Start of RECORDED DATA
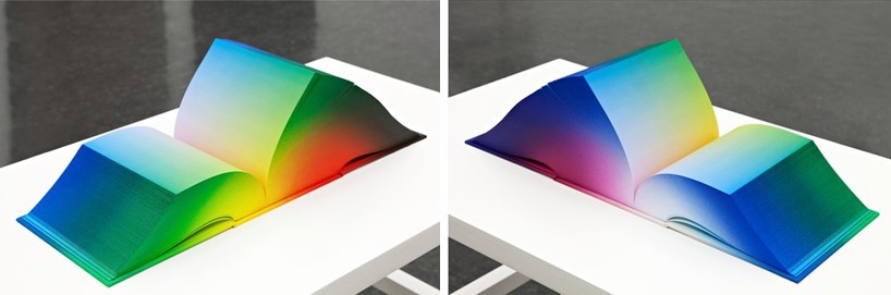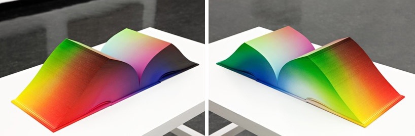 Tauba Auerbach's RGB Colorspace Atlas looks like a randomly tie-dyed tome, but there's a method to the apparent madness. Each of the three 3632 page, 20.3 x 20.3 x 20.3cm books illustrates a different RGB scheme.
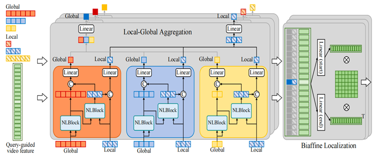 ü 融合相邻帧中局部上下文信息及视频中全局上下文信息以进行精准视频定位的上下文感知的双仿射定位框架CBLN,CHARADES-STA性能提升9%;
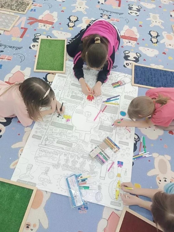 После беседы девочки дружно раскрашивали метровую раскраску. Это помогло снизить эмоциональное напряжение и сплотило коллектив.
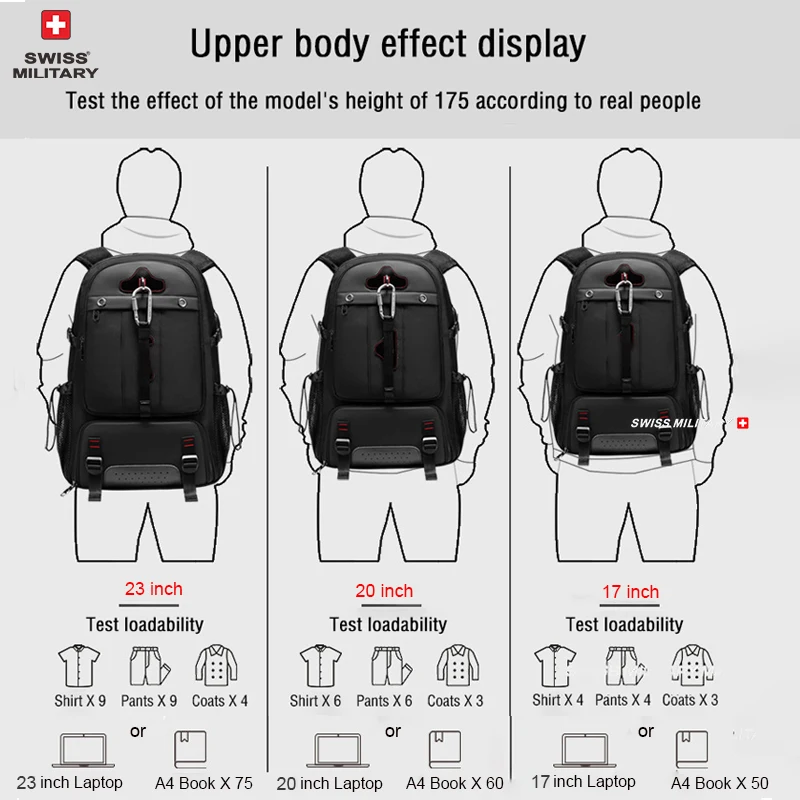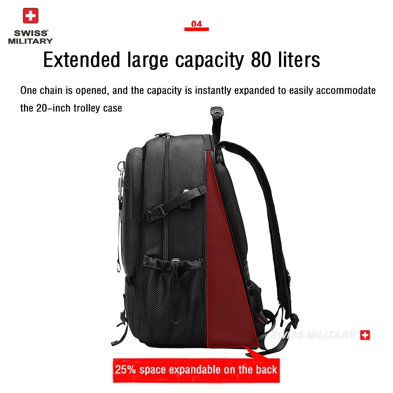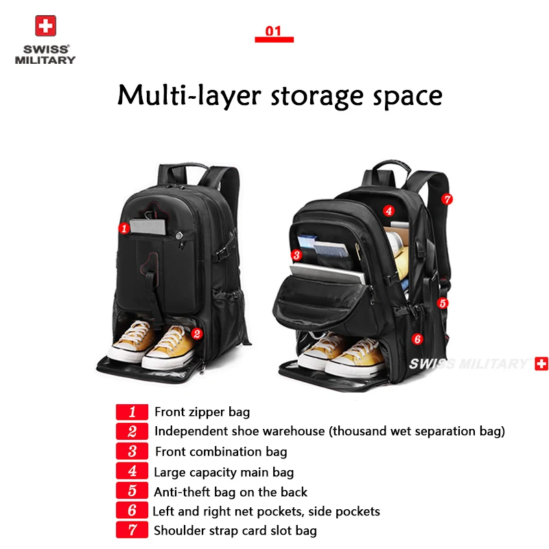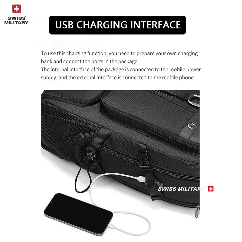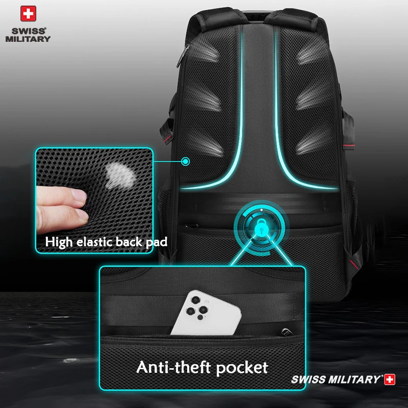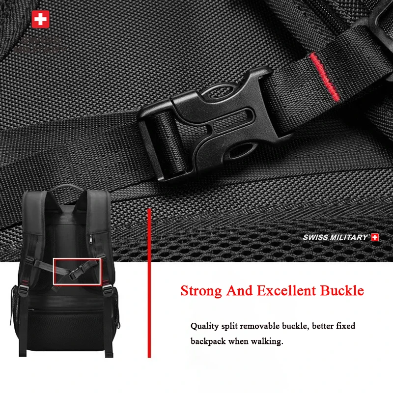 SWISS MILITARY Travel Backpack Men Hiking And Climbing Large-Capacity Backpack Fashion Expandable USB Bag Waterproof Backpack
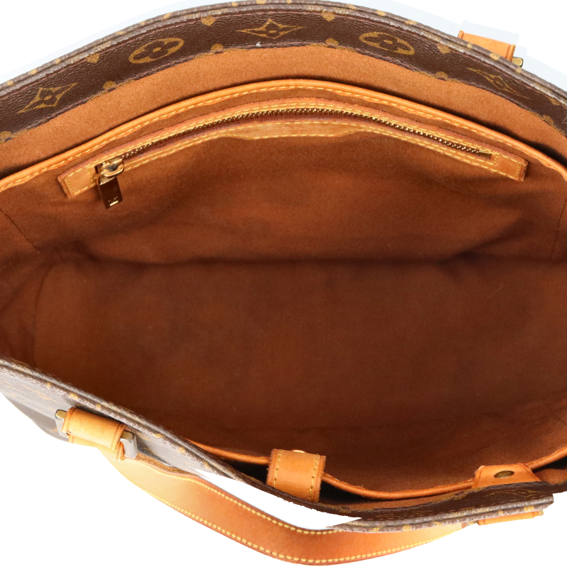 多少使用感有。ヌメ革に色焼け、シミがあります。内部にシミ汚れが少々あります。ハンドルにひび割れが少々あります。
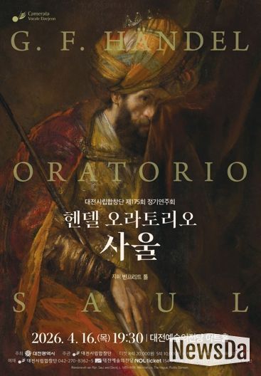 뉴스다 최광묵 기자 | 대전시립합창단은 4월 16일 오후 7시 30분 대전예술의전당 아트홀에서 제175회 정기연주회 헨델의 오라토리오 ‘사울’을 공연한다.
End of RECORDED DATA
From the material above, reproduce everything verbatim except the pictures.

 Tauba Auerbach's RGB Colorspace Atlas looks like a randomly tie-dyed tome, but there's a method to the apparent madness. Each of the three 3632 page, 20.3 x 20.3 x 20.3cm books illustrates a different RGB scheme.
 ü 融合相邻帧中局部上下文信息及视频中全局上下文信息以进行精准视频定位的上下文感知的双仿射定位框架CBLN,CHARADES-STA性能提升9%;
 После беседы девочки дружно раскрашивали метровую раскраску. Это помогло снизить эмоциональное напряжение и сплотило коллектив.
 SWISS MILITARY Travel Backpack Men Hiking And Climbing Large-Capacity Backpack Fashion Expandable USB Bag Waterproof Backpack
 多少使用感有。ヌメ革に色焼け、シミがあります。内部にシミ汚れが少々あります。ハンドルにひび割れが少々あります。
 뉴스다 최광묵 기자 | 대전시립합창단은 4월 16일 오후 7시 30분 대전예술의전당 아트홀에서 제175회 정기연주회 헨델의 오라토리오 ‘사울’을 공연한다.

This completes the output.